(Stored entries)

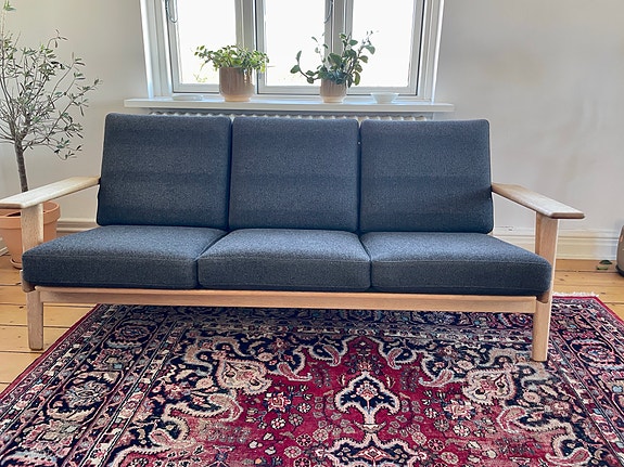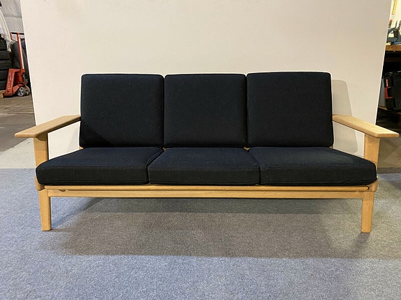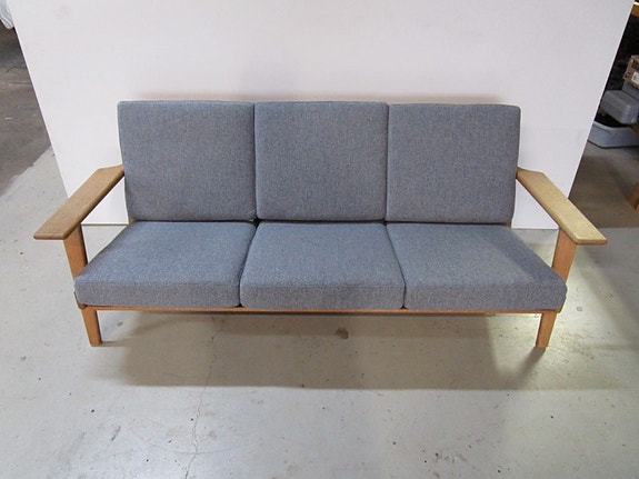 Hans J. Wegner Ge-290/3 Pers.Sofa i mørkegrå Hallingdal 180 uld, stel Egetræ.
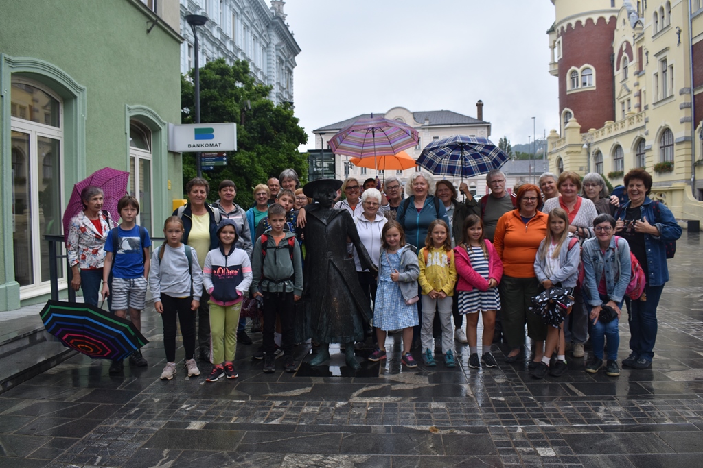 V malo turobnem jutru smo se s člani in članicami študijskega krožka Medgeneracijska odkrivanja srednjeveških mest z vlakom in nadomestnim avtobusom zapeljali proti Šentjurju, mestecu, ki ga mnogi poznajo po Ipavčevi hiši, muzejskih zbirki Rifnik in njegovih zakladov.
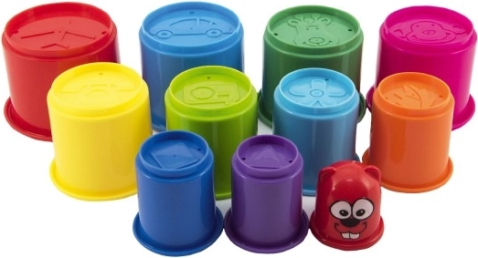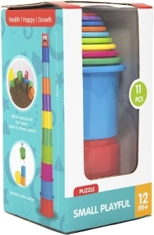 L'ensemble de tasses empilables colorées comprend 11 pièces qui peuvent être utilisées pour créer une tour haute. Les tasses sont disponibles en différentes couleurs et peuvent être imbriquées les unes dans les autres, ce qui est un excellent moyen de développer les compétences motrices fines de votre enfant.
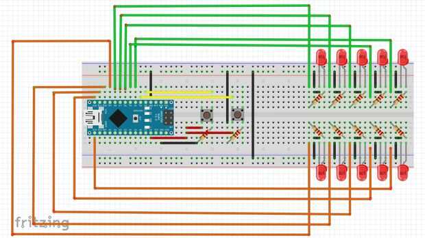 Este es el primer proyecto de Arduino que he creado yo mismo. Yo tenía un montón de LEDS y un sensor de presión, así que pensé que haría un pequeño juego. Cuanto más se apriete el sensor de presión, el enciende para arriba en una fila LEDS más. Si en
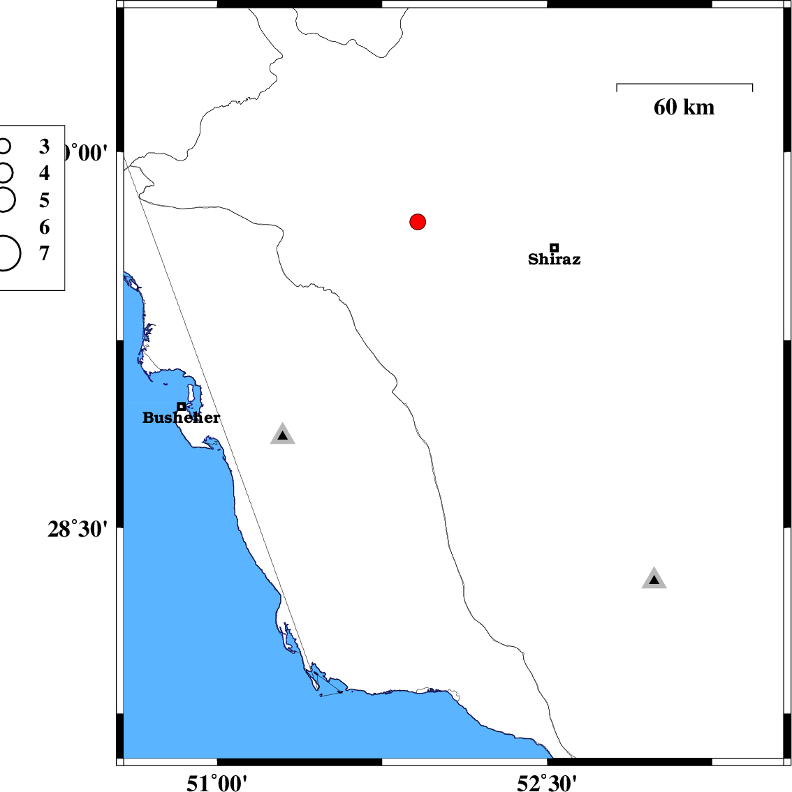 | 2025/11/04 | 18:10:58.7 | 21:40:58.7 | 27.846 | 52.741 | 12 | ML:3.3 | Fars Province, 42 km -East of Jam | ||

PROBLEM STATEMENT: With the pictures excluded, the records are to be reproduced exactly.

COMPLETED TASK:
 Hans J. Wegner Ge-290/3 Pers.Sofa i mørkegrå Hallingdal 180 uld, stel Egetræ.
 V malo turobnem jutru smo se s člani in članicami študijskega krožka Medgeneracijska odkrivanja srednjeveških mest z vlakom in nadomestnim avtobusom zapeljali proti Šentjurju, mestecu, ki ga mnogi poznajo po Ipavčevi hiši, muzejskih zbirki Rifnik in njegovih zakladov.
 L'ensemble de tasses empilables colorées comprend 11 pièces qui peuvent être utilisées pour créer une tour haute. Les tasses sont disponibles en différentes couleurs et peuvent être imbriquées les unes dans les autres, ce qui est un excellent moyen de développer les compétences motrices fines de votre enfant.
 Este es el primer proyecto de Arduino que he creado yo mismo. Yo tenía un montón de LEDS y un sensor de presión, así que pensé que haría un pequeño juego. Cuanto más se apriete el sensor de presión, el enciende para arriba en una fila LEDS más. Si en
 | 2025/11/04 | 18:10:58.7 | 21:40:58.7 | 27.846 | 52.741 | 12 | ML:3.3 | Fars Province, 42 km -East of Jam | ||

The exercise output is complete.